Closed Bug 608004 Opened 14 years ago Closed 14 years ago

l10n repack jobs should be able to do multiple repacks per job

Categories

(Release Engineering :: General, defect, P4)

Product:

Component:

Platform:

All

macOS

Type:

defect

Priority:

P4

Severity:

normal

Tracking

(Not tracked)

Status:

RESOLVED FIXED

People

(Reporter: bhearsum, Unassigned)

References

Details

(Whiteboard: [l10n])

Attachments

(1 file, 3 obsolete files)

l10n repack logic, in a script! 14 years ago bhearsum@mozilla.com (:bhearsum) 15.67 KB, patch	Pike : review-	Details \| Diff \| Splinter Review
updated scripts 14 years ago bhearsum@mozilla.com (:bhearsum) 24.38 KB, patch	Pike : review-	Details \| Diff \| Splinter Review
buildbotcustom changes 14 years ago bhearsum@mozilla.com (:bhearsum) 8.47 KB, patch		Details \| Diff \| Splinter Review
scripts updated with purge_builds and a few other things 14 years ago bhearsum@mozilla.com (:bhearsum) 31.14 KB, patch	catlee : review+ bhearsum : checked-in+	Details \| Diff \| Splinter Review

bhearsum@mozilla.com (:bhearsum)

Reporter

Description

•

14 years ago

We currently fire 1 job for every locale, which means that we deal with setup/teardown cost per locale, even though a single slave ends up dealing with many jobs for a set of repacks. We should be able to do N repacks in a job to save (setup/teardown cost) * N-1. This is especially helpful in releases where l10n repacks affect end to end time non-trivially.

bhearsum@mozilla.com (:bhearsum)

Reporter

Updated

•

14 years ago

Depends on: 608005

Armen [:armenzg]

Comment 1

•

14 years ago

We also have to make sure that we can report the logs of each locale individually as we post to each sub-tinderbox page ("Mozilla-l10n-$locale").
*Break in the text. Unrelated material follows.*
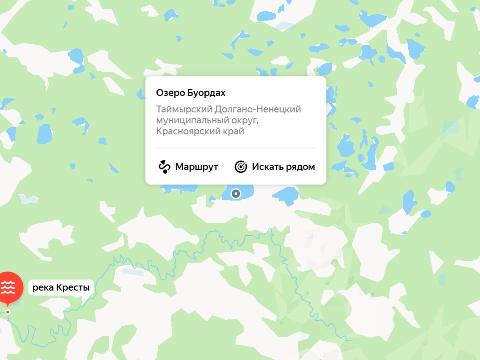 - Географическое положение озера установлено в километре к северу от реки Кресты, в бассейне реки Хета (координаты 70º7765 СШ, 99º8972 ВД). Название водоема имеет якутское происхождение и означает "пестрый", - добавили в ведомстве.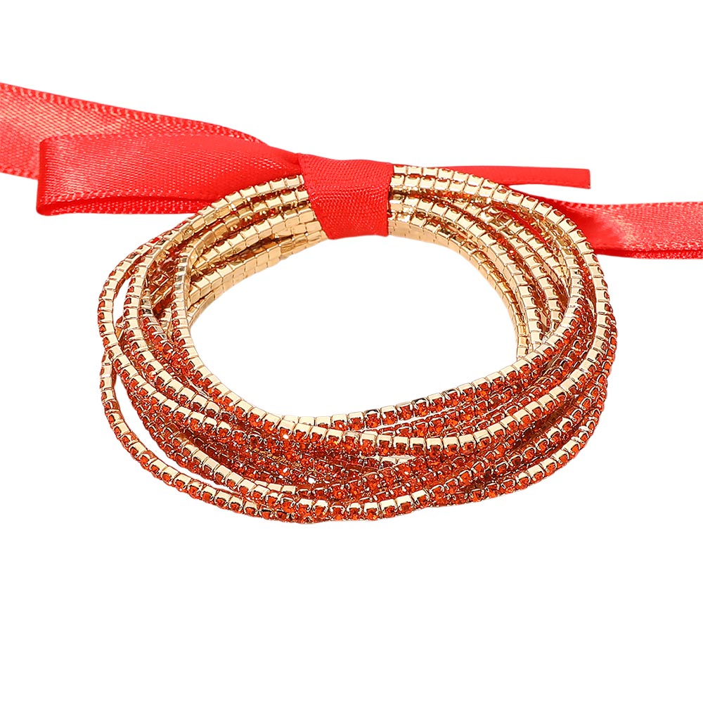 12PCS - Ribbon Slim Rhinestone Stretch Multi Layered Bracelet

I guess we also have to give to each locale the right exit status rather than share the same job exit status (as some locales can be red, others oranges and others green). Axel, anything else for us to watch for?

Whiteboard: [l10n]

bhearsum@mozilla.com (:bhearsum)

Reporter

Comment 2

•

14 years ago

Do people still use that? I thought everyone was looking at the dashboard these days. I'd argue that we shouldn't make design decisions based on Tinderbox support, too. Status for new things should come through Buildbot JSON.

Axel Hecht [:Pike]

Comment 3

•

14 years ago

According to my coconuts (sorry, should put that online, but busy with l10n-changesets), l10n-repacks spend their time in three steps, generally: configure installers partial mar configure is not really sweet, but not too bad, either. installers and partial take the biggest part, varying by platform. Sounds like a premature optimization. And yes, if we tune our infrastructure to reporting, it should be forwards, not backwards. PS: coconuts is a django app on top of the status db dumps that catlee put up.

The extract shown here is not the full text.